Read The Stories of Vladimir Nabokov Online
Authors: Vladimir Nabokov
Next morning a warm drizzle came pattering, shimmering, stretching in thin threads across the dark background of the forest’s depths. Only three people came down for breakfast—first the Colonel and listless, wan Simpson; then Frank, fresh, bathed, shaved to a high gloss, with an innocent smile on his overly thin lips.
The Colonel was markedly out of spirits. The night before, during the bridge game, he had noticed something. Bending down hastily to retrieve a dropped card, he had seen Frank’s knee pressed against Maureen’s. This must be stopped immediately. For some time already the Colonel had had an inkling that something was not right. No wonder Frank had rushed off to Rome, where the McGores always went in the spring. His son was free to do as he liked, but to stand for something like this here, at home, in the ancestral castle—no, the most stringent measures must be taken immediately.
The Colonel’s displeasure had a disastrous effect on Simpson. He had the impression that his presence was a burden to his host, and was at a loss for a subject of conversation. Only Frank was placidly jovial as always, and, his teeth asparkle, munched with gusto on hot toast spread with orange marmalade.

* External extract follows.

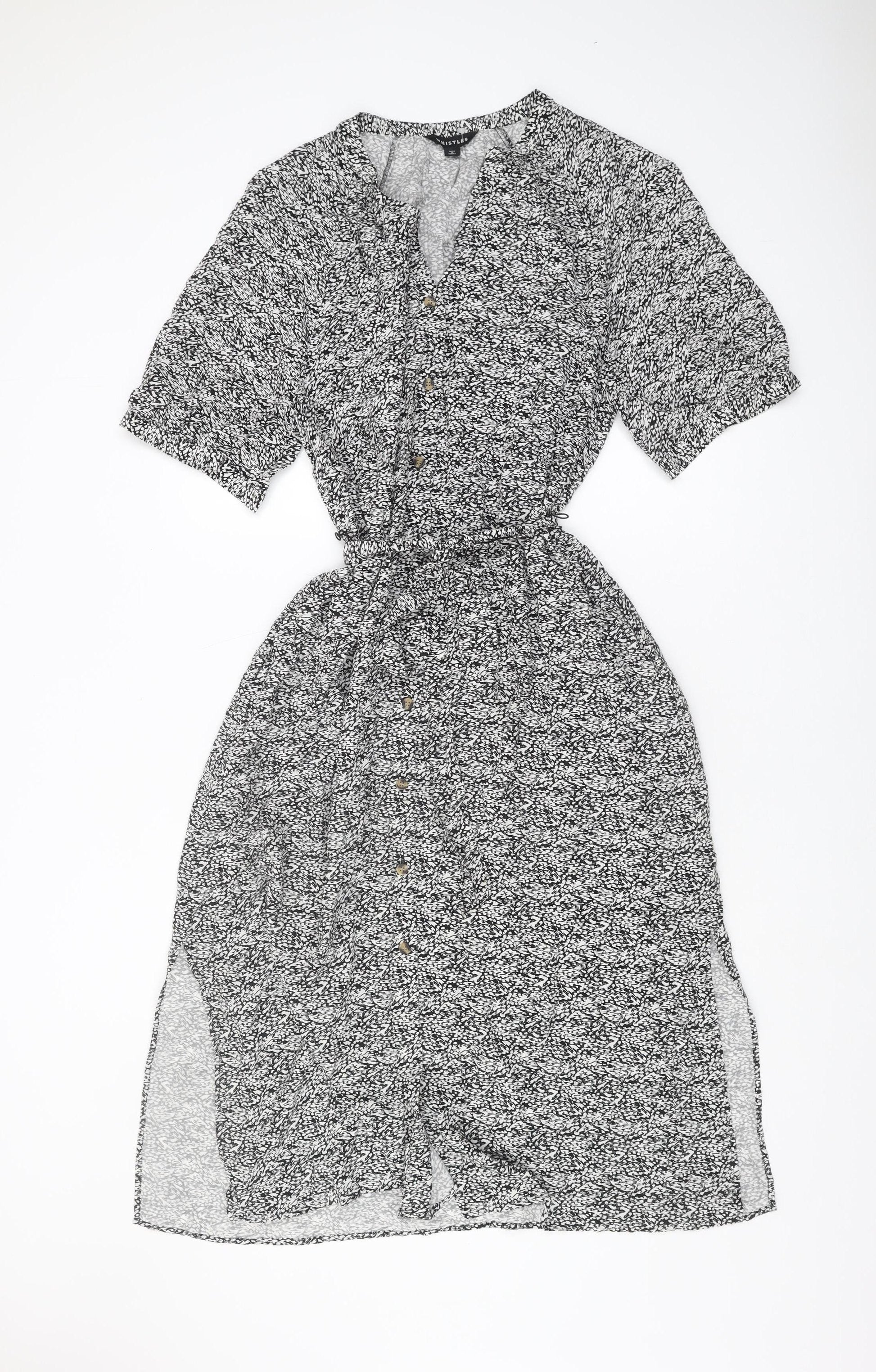 Experience the effortless style and comfort of this Whistles Women's Shirt Dress in a vibrant multicoloured pattern. Crafted for a modern and chic look, this dress embodies elegance with its V-neckline and half sleeves, providing a flattering silhouette for casual outings. It’s made from a premium blend of 55% cupro and 45% viscose, ensuring you stay comfortable throughout the day. The button-up closure adds a touch of classic sophistication, while the balloon sleeves create a contemporary flair. Perfect for casual occasions, this dress stands out with its woven fabric type and regular size fit, designed to suit all body types seamlessly. The dress's lining ensures a sleek fit, offering peace of mind with its machine washable care instructions. Whether you're stepping out for a coffee or attending a laid-back brunch, this shirt dress from Whistles makes an ideal choice. New with tags, you're assured an immaculate condition, presenting an excellent find for your wardrobe. Priced at just £75.00, it's a value-driven option that merges fashion with practicality. This dress is a versatile addition to any style collection, promising to keep you trendy all year round.

When they had finished their coffee, the Colonel lit his pipe and rose.
“Didn’t you want to take a look at the new car, Frank? Let’s walk over to the garage. Nothing to do in this rain anyway.”

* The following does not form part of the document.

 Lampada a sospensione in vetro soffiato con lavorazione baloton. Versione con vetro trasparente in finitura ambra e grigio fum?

Then, sensing that poor Simpson had remained mentally suspended in midair, the Colonel added, “I’ve got a few good books here, my dear Simpson. Help yourself if you wish.”
Simpson came to with a start and pulled some bulky red volume down from the shelf. It turned out to be the
Veterinary Herald
for 1895.
“I need to have a little talk with you,” began the Colonel when he and Frank had tugged on their crackling raincoats and walked out into a mist of rain.

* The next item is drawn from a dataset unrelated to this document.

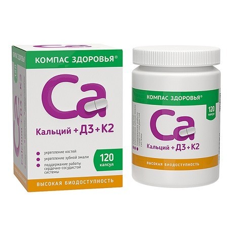 КОМПАС ЗДОРОВЬЯ КАЛЬЦИЙ+Д3+К2 - Биологически активная добавка (БАД) к пище - Капсулы «Кальций + Д3 + К2» представлены в органической хелатной форме, которая легко усваивается организмом и обладает минимальным риском развития побочных эффектов со стороны желудочно-кишечного тракта. Рекомендуемый прием (4 капсулы) содержит: Элементарный кальций - 266,7 мг/ 27% Витамин D3 - 10 мкг (400 МЕ) / 200 % Витамин К2 - 40 мкг / 33 % % Процент от рекомендуемой среднесуточной потребности согласно ТР ТС 022/2011 Пищевая ценность в 4-х капсулах Белки - 0,24 г Жиры - 0 г Углеводы - 0 г Энергетическая ценность: 4,25 кДж/1 ккал Один из важнейших минералов для человека – кальций. Дефицит кальция влечет за собой целый букет проблем: помимо хрупких костей и зубов, остеопороза и рахита, «рассыпаются» все системы организма. Высокая утомляемость, частые перепады настроения и стресс, постоянно пониженное давление, сердечно -сосудистые заболевания, спазмы, судороги и онемения, потеря упругости кожи свидетельствую о недостатке минерала. 98% запасов кальция содержится в костях, зубах и клетках организма. Но вследствие травм, переломов, стресса, перехода на строгую диету, недостатка витаминов А, С, D3, Mg и животного белка по разным причинам, уровень кальция снижается. Если не восполнять дефицит минерала извне, организм компенсирует потерю кальция из собственных запасов. Это влечет за собой его недостаток и развитие остеопороза, заболевания костей, страдает зубная эмаль. Капсулы содержат эффективную формулу «Ca + D3 + K2», где:-Ca Кальций в биодоступной хелатной форме готов к усвоению организмом. -D3 Витамин Д3 помогает кальцию лучше усвоиться в желудочно-кишечном тракте и попасть в кровоток. -К2 Витамин К2 обеспечивает поступление кальция в кости и зубы. Все компоненты подобраны так, чтобы обеспечить максимальное усвоение кальция организмом и принести максимальную пользу. Капсулы «Кальций + Д3 + К2» представлены в органической хелатной форме, которая легко усваивается организмом и обладает минимальным риском развития побочных эффектов со стороны желудочно-кишечного тракта. Кальций в хелатной форме – важный строительный материал костной системы человека. После принятия кальция заметен эффект:

Frank gave his father a rapid glance.
“How shall I put it,” he pondered, puffing on his pipe. “Listen, Frank,” he said, taking the plunge—and the wet gravel crunched more succulently under his soles—“it has come to my attention, it doesn’t matter how, or, to put it more simply, I have noticed … Dammit,
Frank, what I mean is, what kind of relations do you have with McGore’s wife?”
Frank replied quietly and coolly, “I’d rather not discuss that with you, Father,” meanwhile thinking angrily to himself: what a scoundrel—he did rat on me!
“Obviously I cannot demand—” began the Colonel, and stopped short. At tennis, after the first bad shot, he still managed to control himself.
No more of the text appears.